#2570 closed help (answered)

Unrecoverable library error in glm recon

Reported by: shakka Owned by: um_support
Component: UM Model Keywords: glm_recon, library error
Cc: Platform: Monsoon2
UM Version: 11.1

Description

Hi NCAS

I'm getting an 'unrecoverable library error' message when running a suite at vn 11.1 (a copy of Stu Webster's vn 11.1 nesting suite u-av356 linked here: https://code.metoffice.gov.uk/trac/rmed/wiki/suites/nesting/worked_eg_2018. The suite successfully ran using 16,32 processors when the cycle dates were in 2015 (default), but I have now changed the dates to the case study I am interested in, and am getting the following error in the glm_recon stage after around 6 minutes:

"lib-4205 : UNRECOVERABLE library error

The program was unable to request more memory space."

I notice there are several tickets regarding this error, but I have been unable to solve the problem using any of the solutions offered in 2151, 2202, 687 or 1937.
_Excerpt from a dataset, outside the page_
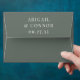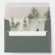 Elements: watercolor mountain scene with elegant, contemporary serif fonts. Colors: green, hunter green, highland green, white, white mist, gray, slate. Themes: modern, outdoor wedding, mountains, rustic, woodsy, outdoorsy, forest, woodland, nature, hiking, rocky mountains, sierra nevadas, blue ridge mountains, smokey mountains. Collection: Evergreen Mountain Mist Rustic Winter Wedding Collection. Product Type: Envelope
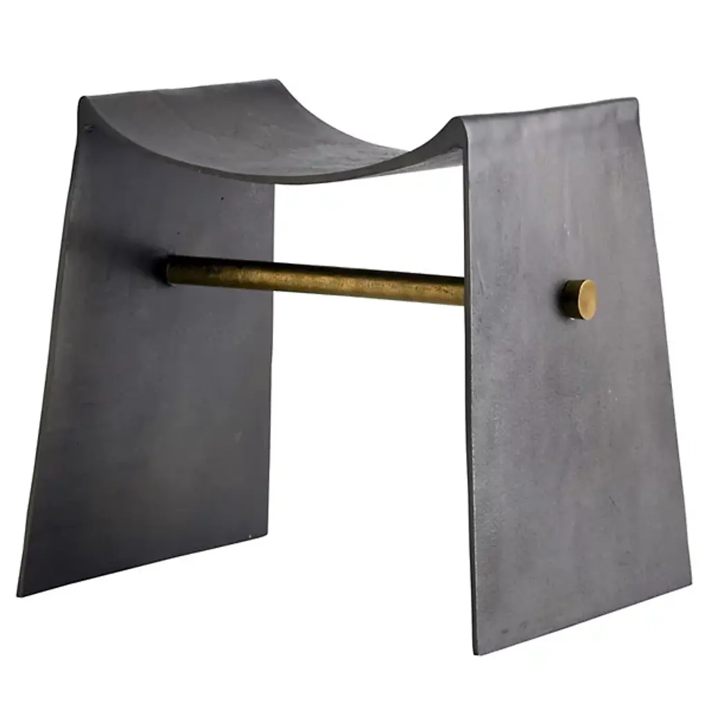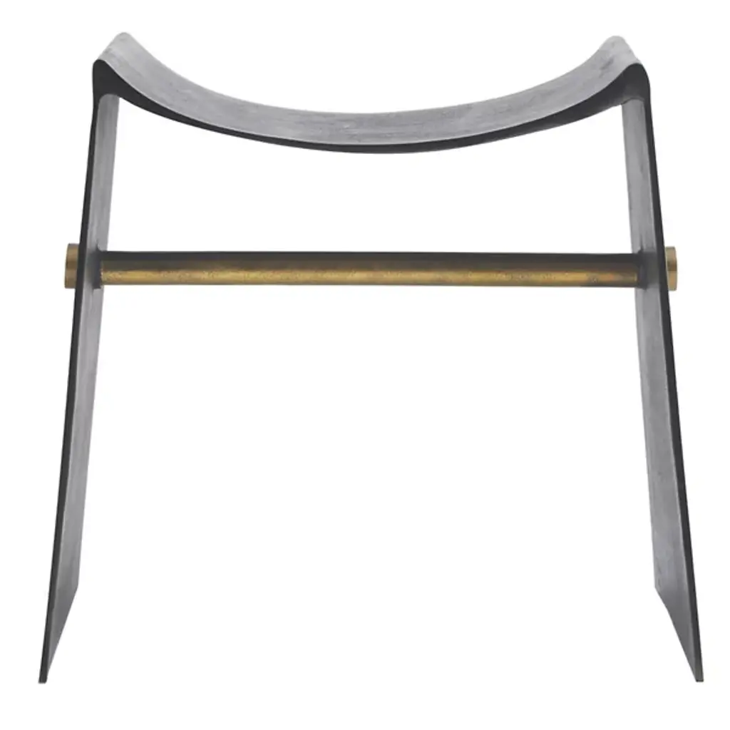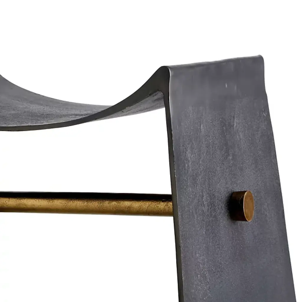 Presented by Arteriors, an elevated utilitarian style gives the Montez Stool an aesthetic edge. Made in India, the design has been influenced by the hallmarks of industrial style, featuring a blackened iron sling-style seat that fluidly flows into the sled-like legging. There is a crossbar for structural reinforcement in a contrasting metallic finish. Whether brought in as a solo piece or in multiples, this artisan-made furnishing provides an elevated aesthetic to locales of choice.

I have tried changing the number of CPUs to drive the model (Driving model setup > dm_nproc) from 16,32 to 24,36 and 30,36, but have had no luck with either of those.

Can you please advise?

Thanks,
Ella

Change History (4)

comment:1 Changed 11 months ago by shakka

Update: In suite-adds.rc I tried changing the line

{% set MPI_TASKS_PER_NODE = (NCPU_PER_NODE * HYPERTHREADS / ( 3 * OMP_NUM_THREADS ) ) |int %}

to {% set MPI_TASKS_PER_NODE = (NCPU_PER_NODE * HYPERTHREADS / ( 8 * OMP_NUM_THREADS ) ) |int %}

and the recon has run, but it seems like the jobs are taking longer to queue than usual.

Ella

comment:2 Changed 10 months ago by willie

Hi Ella,

What's the suite id?

Willie

comment:3 Changed 10 months ago by shakka

Hi Willie,

I think my solution has fixed the problem - I reckon it was just taking longer to queue jobs last week because there were some issues with Monsoon that I didn't know about when I raised the ticket.

Thanks,
Ella

comment:4 Changed 10 months ago by willie

  • Resolution set to answered
  • Status changed from new to closed
Note: See TracTickets for help on using tickets.